Two hundred and fifty years ago this month, a young Scottish engineer took a Sunday walk across Glasgow Green – and changed the world. Thanks to the idea dreamed up by James Watt that Sunday in May 1765, human beings became masters of power generation and so transformed our planet.

At the time, Watt was merely fixated with the problems posed by the primitive and inefficient steam engines that were then being used to pump water from mines, and had already made several futile attempts to improve them. Then, on his Sunday walk, the idea for a new device – which he later called the separate condenser – popped into his mind.

 

It was a notion that would have stunning consequences. The separate condenser changed the steam engine from a crude and inefficient machine into one that became the mainstay of the industrial revolution. Britain was transformed from an agricultural country into a nation of manufacturers.

Today, many scientists believe the processes unleashed by Watt have begun to alter the physical makeup of our planet. After two-and-a-half centuries of spewing out carbon dioxide from plants and factories built in the wake of his condenser’s invention, the atmosphere and crust of the Earth are beginning to be transformed.
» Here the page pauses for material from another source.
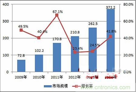 圖表5 2009-2014年中國IDC行業(yè)市場(chǎng)規(guī)模及增長(單位:億元,%)
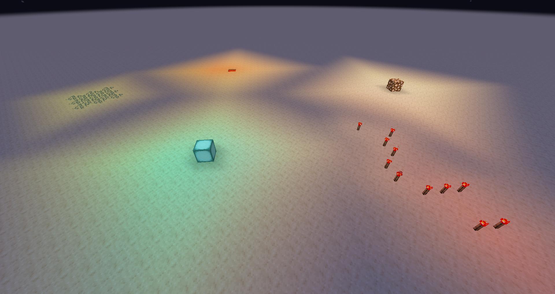 }The configuration must provide a mapping between blocks that emit light and the corresponding hex color value that they should emit. Note that colors aren't represented exactly due to the color space being compressed down.

Watt truly changed the world, it seems.

Indeed, that walk on Glasgow Green remains “one of the best recorded, and most repeated, eureka moments since Archimedes leaped out of his bathtub”, according to William Rosen in his book The Most Powerful Idea in the World: A Story of Steam, Industry and Invention, published in 2010.
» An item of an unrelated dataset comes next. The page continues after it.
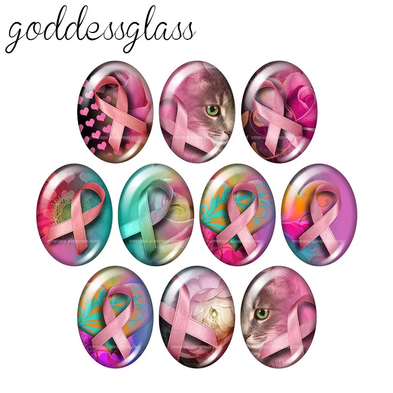 Розовая Лента Рак молочной железы Ювелирные изделия 10 шт. смешанные 13x1 8 мм18x2 5 мм30x40 мм Овальный фото стекло кабошон демо с плоской задней частью, украшения своими руками

In 1765, Watt – then an instrument-maker based at Glasgow University – was working on a Newcomen pump, a state-of-the-art device in which steam pushed a piston through a cylinder. Water was then sprayed into the cylinder, cooling it and causing the steam to condense, creating a vacuum behind the piston that sucked it back into its original position. More steam was pumped in and the piston was pushed forward again.

It was a very powerful process but also a very inefficient one. Constantly heating and then cooling the engine’s huge cylinder required huge amounts of heat and coal. Steam engines like these had only limited usefulness.
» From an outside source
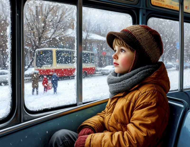 Краем глаза он заметил, как к автобусу кто-то подбегает. По ярко-розовому шарфу он сразу узнал Любу, одноклассницу. Она отчаянно старалась успеть, но двери захлопнулись прямо перед её носом, и автобус тронулся. Люба, запыхавшаяся и мокрая, стремительно уменьшалась за окном. Сева лишь грустно улыбнулся.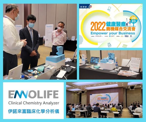 今天是經濟部中小企業處主辦2022健康醫療商機媒合交流會的日子,我們一早就來到活動會場,搶了頭香佈置好攤位,準備向與會的長官及潛在合作廠商大力介紹保生的人醫系列產品ENNOLIFE伊諾來富臨床化學分析儀。

Then Watt set off on his walk. When he was halfway across the green, the idea of a separate condenser came into his mind. Such a device would, he realised, create a vacuum that would help suck in the engine’s piston but still allow its main cylinder to operate at a constant temperature. “I had not walked further than the golf-house when the whole thing was arranged in my mind,” he later recalled.

The earliest known portrait of James Watt, painted by Carl Fredrik von Breda in 1792. Photograph: SSPL via Getty Images

Watt would have gone to work straight away but was constrained by the dictates of the Scottish sabbath. He quickly made a model of his device, nevertheless, and this is now displayed in the Science Museum in London. Four years later, he patented the condenser – and triggered the industrial revolution.

“Watt’s condenser tripled the efficiency of the steam engine and that meant that mill or mine owners got three times more mechanical work for every tonne of coal they had to buy,” says Colin McInnes, professor of engineering science at Glasgow University. “It meant that Britain’s coal stocks had been effectively trebled. He made a tremendous difference to the rate at which industry spread through Britain and subsequently the rest of the world.”

Until Watt, human enterprise was constrained by the process of photosynthesis, says McInnes. “In other words, we had to rely on natural living sources for the power we needed to run our factories or plants: fast-flowing water or horses or burning wood. By making the steam efficient, Watt changed all that. He gave us the means to exploit energy-dense fossil fuels in an effective manner. It changed the world and ended the era of renewable energy.”

This point is backed up by Ben Russell, curator of mechanical engineering at the Science Museum, and author of James Watt: Making the World Anew, published last year. “Before Watt, industry had to rely on water power, and there was a strict limit to the number of factories you could build on the banks of fast-flowing rivers,” he says.

“After Watt invented the separate condenser, you could build highly efficient factories almost anywhere you wanted. It made it possible to build plants that were driven by cheap, relatively easy sources: coal and steam. The cotton industry was transformed. So was brewing. And mining. Watt brought wide acceptance of steam as a power source.”

Within a few decades of Watt’s breakthrough, networks of factories and mines, linked by railways, were spreading across the country, triggering a national frenzy for fossil fuels that has since become a global obsession. Steam power no longer dominates global industry but our reliance on fossil fuels such as coal, oil and gas still lingers – with growing impacts on the planet.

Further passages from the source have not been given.